- Evansdale Location in New Zealand
- Coordinates: 45°43′08″S 170°34′09″E﻿ / ﻿45.7189°S 170.569031°E
- Country: New Zealand
- Region: Otago
- Territorial authority: Dunedin City Council
- Local iwi: Ngāi Tahu

= Evansdale, New Zealand =

Evansdale is a locality on State Highway 1, 25 km north of Dunedin, at the north west of Blueskin Bay. It also has lent its name to a cheese producer, and a census-gathering district, which has a population of 1,482 in the 2013 New Zealand census, an increase of 198 people since the 2006 census.

==History==
Evansdale began as a collection of houses and a hotel (the Blueskin Hotel), around the bridge over Careys Creek. This bridge formed a strategic point on what was called the Main North Road, and a toll gate was built here. William Evans, a Welshman, and another settler David Carey competed for the right to name the locality as Evansdale or "Carey Junction"; eventually Carey's name was applied to the creek.

When the Main South Line railway was built from Dunedin a terminal station here, Whaitiripaku, provided a transit point to horse-drawn transport northward.

Evansdale's period as a railhead encouraged rapid development and in a short time there was a post and telegraph office and a school. Later the railway was linked around the coast to Christchurch and the station, now a through station known as Evansdale became less important. The community began a long, slow economic decline: the school (closed in 1928) and the post office both relocated to Warrington. The hotel remained and eventually became an important fuel stop, the Glenhouse Service Station, as road transport developed.

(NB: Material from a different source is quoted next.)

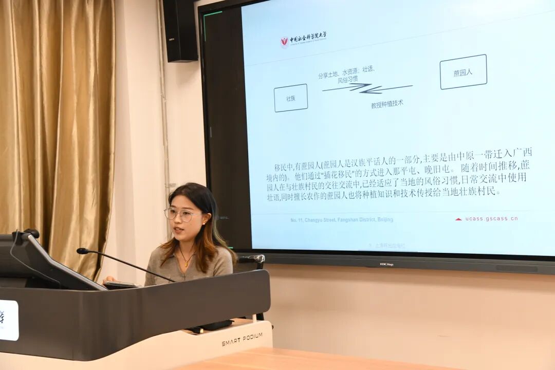 王鑫淼同学以及其项目成员在《民族地区水库移民村落的共同体建构——以百色市永乐镇西北乐村为例》项目中,对论文田野调查点情况进行了详细介绍,关注边疆民族地区的水库移民村落共同体建构的问题,如何完成从“个体”归属到“集体”的新家园模式的建构。详细论述了边疆民族地区水库移民村落民族互嵌关系的生成、村落共同体内部在文化方面共通情感的塑造以及经济上共同利益的形成三个方面。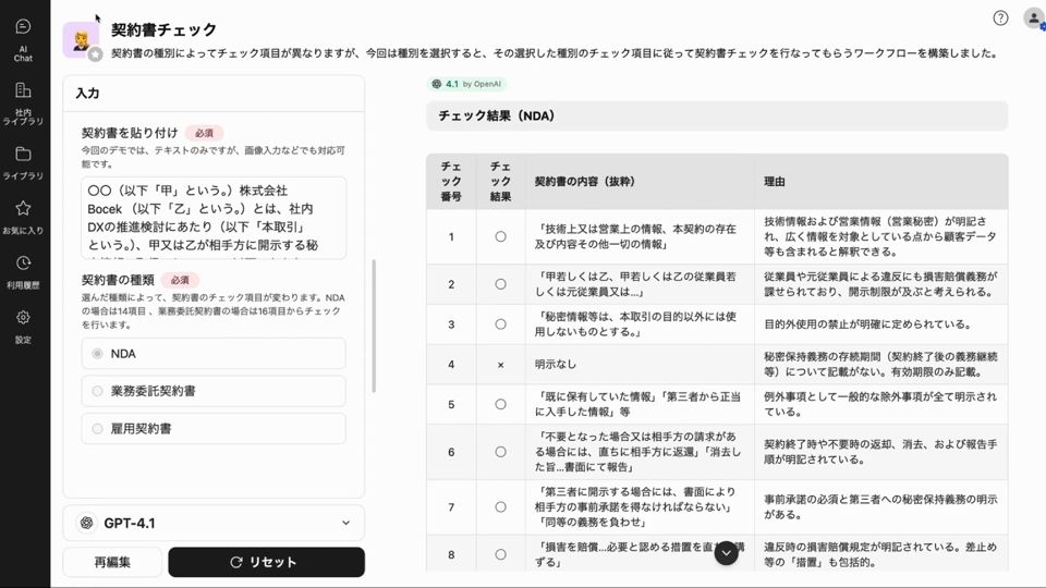 実行すると、弊社の法務部門が作った12個のチェックのマル・バツを全部作ってくれます。そしてマル・バツだけじゃなくて、修正したあとの契約書の条文も全自動生成です。これをやることによって、法務チェックの作業が全部省けました。

In the early 1970s, the Main North Road, now known as State Highway 1 was widened and straightened through the village with devastating effect, taking out about half a dozen houses. A large depot for the New Zealand Ministry of Works was built for the major road improvements over the nearby Kilmog.

The village declined economically from the 1980s to the 2000s as Rogernomics and changes in the fuel industry led to the closure of the Works depot, railway halt and service station. The depot became an owner-operated sawmill and landscaping business while the service station is gradually being developed for retailing and hospitality. A new development over this period was the Evansdale Cheese factory producing handcrafted "farmhouse" cheeses. The cheese factory's success has ironically contributed to Evansdale's decline: it relocated to Hawksbury, 15 km to the north.

==Confusion over the place name==

- In 2005 publication of the results of a Dunedin City Council survey on water reticulation led to protests and accusations of gerrymandering as a vast number of survey respondents were listed as living in "Evansdale". This relates to the use of the name for a large census-gathering district by Statistics New Zealand, the City Council was simply using the name and boundaries used in other census gathering.
- When Evansdale Cheese relocated to Hawksbury its prominent signage there led to that location becoming mistakenly known as "Evansdale".

==Evansdale now==
In the 2000s, Evansdale has experienced a housing micro-boom, with a growth in housing stock of about 10% over a couple of years. The area has easy commuter access to Dunedin and several vacant residential building sites with electricity and water connections.